──────── Provided material ────────

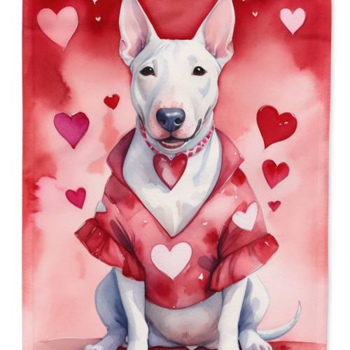 House Flag featuring breed specific Bull Terrier artwork. Celebrate Valentine’s Day with this Valentine’s Day Large Flag. Presenting our Heavy Duty Polyester House Size Decorative Sleeve Pole Flag, a vibrant addition to enhance the aesthetic appeal of your home. This large decorative flag, measuring approximately 28 x 40 inches, offers ample coverage and visibility. Each flag is meticulously sewn and made individually, ensuring a unique piece that may slightly vary in size. It’s a sleeve pole flag, designed to fit a standard decorative flag pole effortlessly. Please note that the flag pole and bracket are not included and should be purchased separately. What sets our flag apart is its dual-sided print. The design is mirrored on both sides of the fabric, allowing for uniform visibility regardless of the angle. Printed in full color, our flag showcases vibrant hues that truly stand out. To ensure lasting vibrancy and durability, the dyes are heat-set into the fabric. This ensures your flag remains bright and captivating through various weather conditions. Elevate the look of your home with our Heavy Duty Polyester House Size Decorative Sleeve Pole Flag!
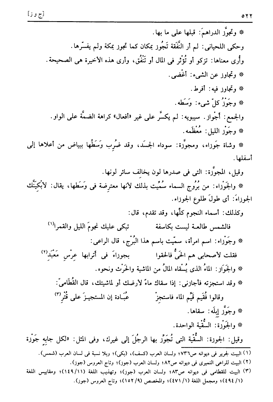 والجَوَاز: المَاء الَّذِي يسقاه المَال من الْمَاشِيَة والحرث وَنَحْوه.
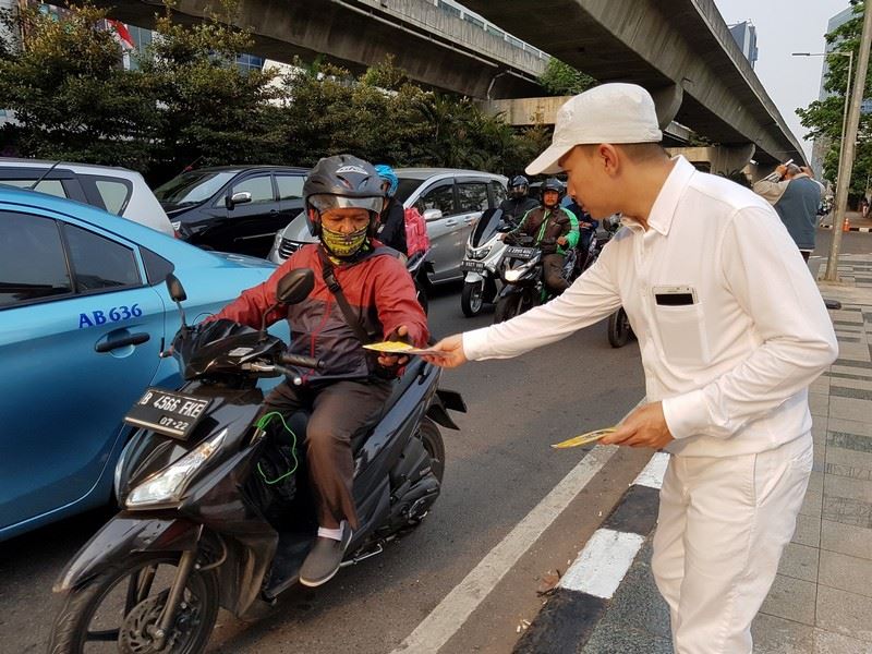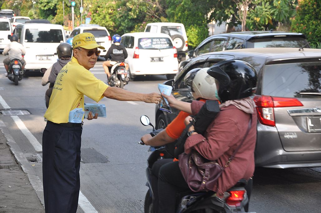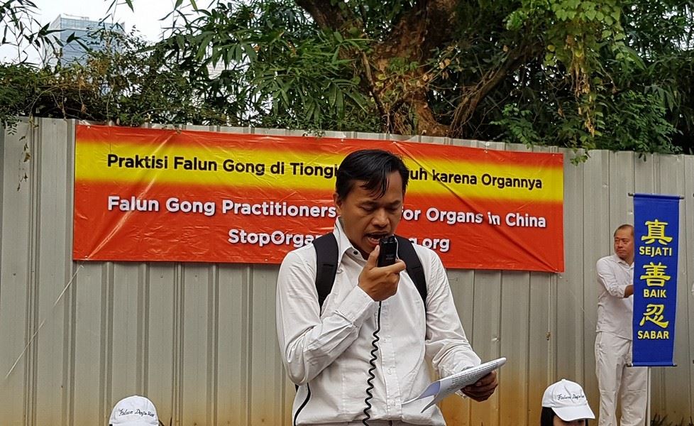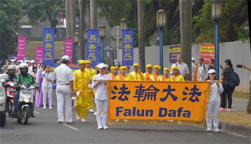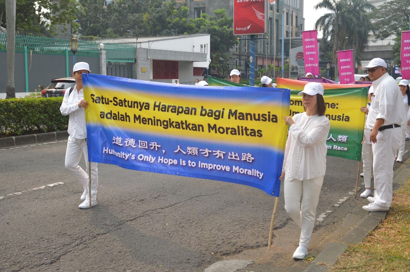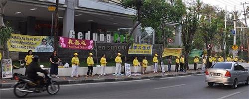 游行是由腰鼓队领队,接着是反迫害横幅、中共活体摘取法轮功学员器官的行动剧的队伍等,吸引了不少都市人的目光。很多过往坐在车上的人也纷纷降低车速看着表演,并拿了法轮功学员发的真相传单及自制莲花。游行结束后,雅加达法轮功学员在大使馆前和平地展开了反迫害横幅。
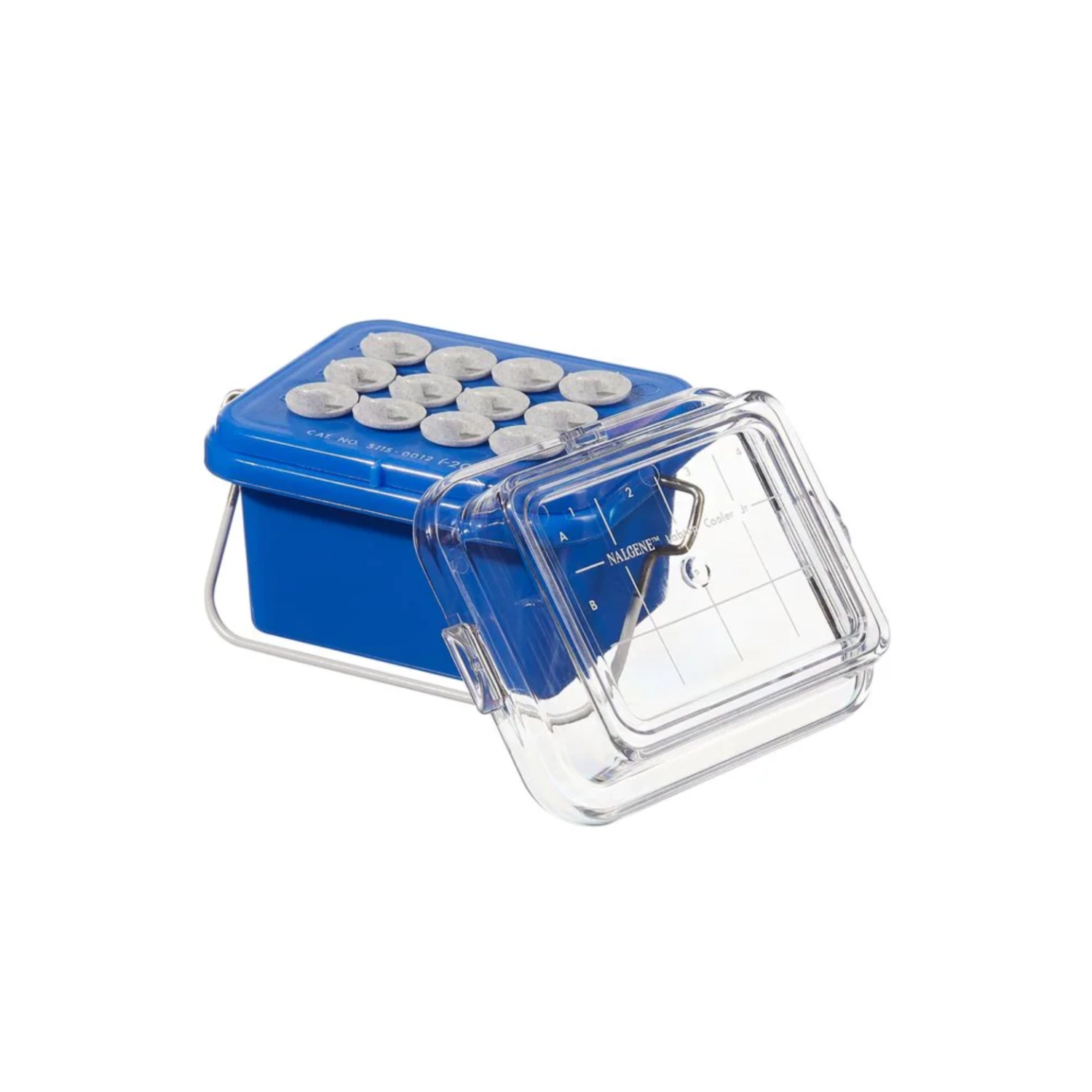 Pudełko do przechowywania i transportu probówek PCR, naczynek reakcyjnych oraz krioprobówek (Nr-Art. 3-6001) w niskich temperaturach. Bench-Cooler może być zamrażany do temperatury -20°C. Po wyjęciu pudełka z zamrażarki przez ok. 2 godz. utrzymuje się temperatura -15°C. Posiada 32 miejsca na probówki o poj. od 0,5 do 2,0 ml oraz krioprobówki. Dla probówek 0,5 ml stosuje się specjalne adaptery (16 szt.). Dolna część pudełka wypełniona jest nietoksycznym żelem. Na pokrywce znajdują się pola do opisu.

────────

## Requirement:
All of the data above needs to be retyped exactly, with the pictures removed.

## Worked solution:
 House Flag featuring breed specific Bull Terrier artwork. Celebrate Valentine’s Day with this Valentine’s Day Large Flag. Presenting our Heavy Duty Polyester House Size Decorative Sleeve Pole Flag, a vibrant addition to enhance the aesthetic appeal of your home. This large decorative flag, measuring approximately 28 x 40 inches, offers ample coverage and visibility. Each flag is meticulously sewn and made individually, ensuring a unique piece that may slightly vary in size. It’s a sleeve pole flag, designed to fit a standard decorative flag pole effortlessly. Please note that the flag pole and bracket are not included and should be purchased separately. What sets our flag apart is its dual-sided print. The design is mirrored on both sides of the fabric, allowing for uniform visibility regardless of the angle. Printed in full color, our flag showcases vibrant hues that truly stand out. To ensure lasting vibrancy and durability, the dyes are heat-set into the fabric. This ensures your flag remains bright and captivating through various weather conditions. Elevate the look of your home with our Heavy Duty Polyester House Size Decorative Sleeve Pole Flag!
 والجَوَاز: المَاء الَّذِي يسقاه المَال من الْمَاشِيَة والحرث وَنَحْوه.
 游行是由腰鼓队领队,接着是反迫害横幅、中共活体摘取法轮功学员器官的行动剧的队伍等,吸引了不少都市人的目光。很多过往坐在车上的人也纷纷降低车速看着表演,并拿了法轮功学员发的真相传单及自制莲花。游行结束后,雅加达法轮功学员在大使馆前和平地展开了反迫害横幅。
 Pudełko do przechowywania i transportu probówek PCR, naczynek reakcyjnych oraz krioprobówek (Nr-Art. 3-6001) w niskich temperaturach. Bench-Cooler może być zamrażany do temperatury -20°C. Po wyjęciu pudełka z zamrażarki przez ok. 2 godz. utrzymuje się temperatura -15°C. Posiada 32 miejsca na probówki o poj. od 0,5 do 2,0 ml oraz krioprobówki. Dla probówek 0,5 ml stosuje się specjalne adaptery (16 szt.). Dolna część pudełka wypełniona jest nietoksycznym żelem. Na pokrywce znajdują się pola do opisu.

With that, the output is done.